Resume a run that was interrupted.

TDVPEngine.run()

Run TEBD real time evolution by N_steps`*`dt.

TDVPEngine.sweep([optimize])

One 'sweep' of a sweeper algorithm.

TDVPEngine.switch_engine(other_engine, *[, ...])

Initialize algorithm from another algorithm instance of a different class.

TDVPEngine.update(N_steps)

Evolve by N_steps * dt.

TDVPEngine.update_env(**update_data)

Update the left and right environments after an update of the state.

TDVPEngine.update_local(theta, **kwargs)

Perform algorithm-specific local update.

Class Attributes and Properties

TDVPEngine.EffectiveH

TDVPEngine.engine_params

TDVPEngine.n_optimize

The number of sites to be optimized at once.

TDVPEngine.time_dependent_H

whether the algorithm supports time-dependent H

TDVPEngine.verbose

class tenpy.algorithms.tdvp.TDVPEngine(psi, model, options, **kwargs)[source]

Bases: TimeEvolutionAlgorithm, Sweep

Time dependent variational principle algorithm for MPS.

This class contains all methods that are generic between SingleSiteTDVPEngine and TwoSiteTDVPEngine.
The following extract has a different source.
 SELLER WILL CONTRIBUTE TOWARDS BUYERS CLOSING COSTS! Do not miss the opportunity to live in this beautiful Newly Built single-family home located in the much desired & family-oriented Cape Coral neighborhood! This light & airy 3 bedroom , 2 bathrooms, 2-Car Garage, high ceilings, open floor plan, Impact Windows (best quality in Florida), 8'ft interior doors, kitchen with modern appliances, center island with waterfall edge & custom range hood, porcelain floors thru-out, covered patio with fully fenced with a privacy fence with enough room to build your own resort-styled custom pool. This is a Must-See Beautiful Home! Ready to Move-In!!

Use the latter two classes for actual TDVP runs.

Deprecated since version 0.6.0: Renamed parameter/attribute TDVP_params to options.

Parameters

Options

config TDVP
option summary

active_sites in OldTDVPEngine

The number of active sites to be used for the time evolution. [...]
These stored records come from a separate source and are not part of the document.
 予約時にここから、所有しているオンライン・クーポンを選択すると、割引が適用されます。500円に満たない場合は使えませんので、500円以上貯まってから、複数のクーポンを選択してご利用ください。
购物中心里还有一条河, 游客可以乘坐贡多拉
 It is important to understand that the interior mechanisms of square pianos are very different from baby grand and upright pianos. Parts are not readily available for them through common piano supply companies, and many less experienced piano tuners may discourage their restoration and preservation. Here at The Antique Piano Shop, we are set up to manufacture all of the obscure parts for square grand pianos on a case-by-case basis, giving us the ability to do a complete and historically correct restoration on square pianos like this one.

dt (from TimeEvolutionAlgorithm) in TimeEvolutionAlgorithm

Minimal time step by which to evolve.

lanczos_options in OldTDVPEngine

Lanczos options as described in :cfg:config:`Lanczos`.

N_steps (from TimeEvolutionAlgorithm) in TimeEvolutionAlgorithm

Number of time steps `dt` to evolve by in :meth:`run`. [...]

start_time (from TimeEvolutionAlgorithm) in TimeEvolutionAlgorithm

Initial value for :attr:`evolved_time`.

trunc_params in OldTDVPEngine

Truncation parameters as described in :func:`~tenpy.algorithms.truncation.t [...]

option trunc_params: dict

Truncation parameters as described in truncate()

option lanczos_options: dict

Lanczos options as described in Lanczos.

options

Optional parameters.

Type

dict

evolved_time

Indicating how long psi has been evolved, psi = exp(-i * evolved_time * H) psi(t=0).

Type

float | complex

psi

The MPS, time evolved in-place.

Type

MPS

env

The environment, storing the LP and RP to avoid recalculations.

Type

MPOEnvironment

lanczos_options

Options passed on to LanczosEvolution.

Type

Config

run()[source]

Run TEBD real time evolution by N_steps`*`dt.

update(N_steps)[source]

Evolve by N_steps * dt.

Parameters

N_steps (int) – The number of steps for which the whole lattice should be updated.

environment_sweeps(N_sweeps)[source]

Perform N_sweeps sweeps without optimization to update the environment.

Parameters

N_sweeps (int) – Number of sweeps to run without optimization

free_no_longer_needed_envs()[source]

Remove no longer needed environments after an update.

This allows to minimize the number of environments to be kept. For large MPO bond dimensions, these environments are by far the biggest part in memory, so this is a valuable optimiztion to reduce memory requirements.

get_resume_data(sequential_simulations=False)[source]

Return necessary data to resume a run() interrupted at a checkpoint.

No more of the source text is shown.